--- Data Enclosed Below ---
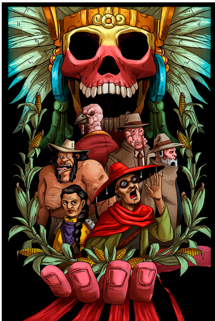
Ilustración por: El Manchón (Rubén Arriola)

El Manchón es un dibujante independiente de historieta, caricaturista y cronista social, lo que en México se conoce como un “monero”. En su obra mezcla crítica social, un humor ácido y absurdo cargado de irreverencia donde juega con los personajes del imaginario social mexicano.
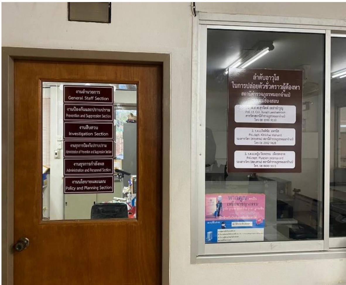
รูปถ่ายผลการดำเนินงานจริง ณ จุดบริการ ของสถานีตำรวจ
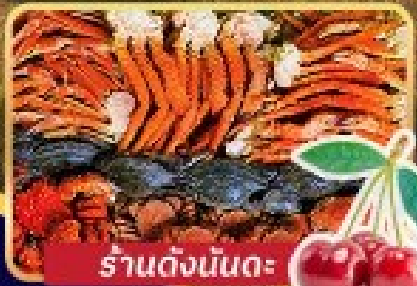
ร้านดังนินดะ
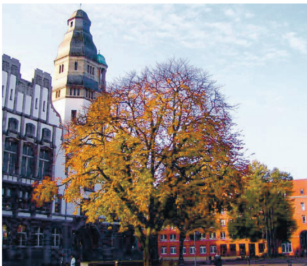
Altes und Neues Rathaus in Gladbeck

Fachbereich Bildung und Erziehung Tel: 02043 / 992615 Bürgermeisterbüro Tel: 02043 / 992748 Fundbüro Tel: 02043 / 992284 Gleichstellungsstelle Tel: 02043 / 992699
--- End of Enclosed Data ---
Exercise: Output only the lines from the one that contains "Altes und Neues Rathaus in Gladbeck" through the final line of the records, exactly as given.

Answer section:
Altes und Neues Rathaus in Gladbeck

Fachbereich Bildung und Erziehung Tel: 02043 / 992615 Bürgermeisterbüro Tel: 02043 / 992748 Fundbüro Tel: 02043 / 992284 Gleichstellungsstelle Tel: 02043 / 992699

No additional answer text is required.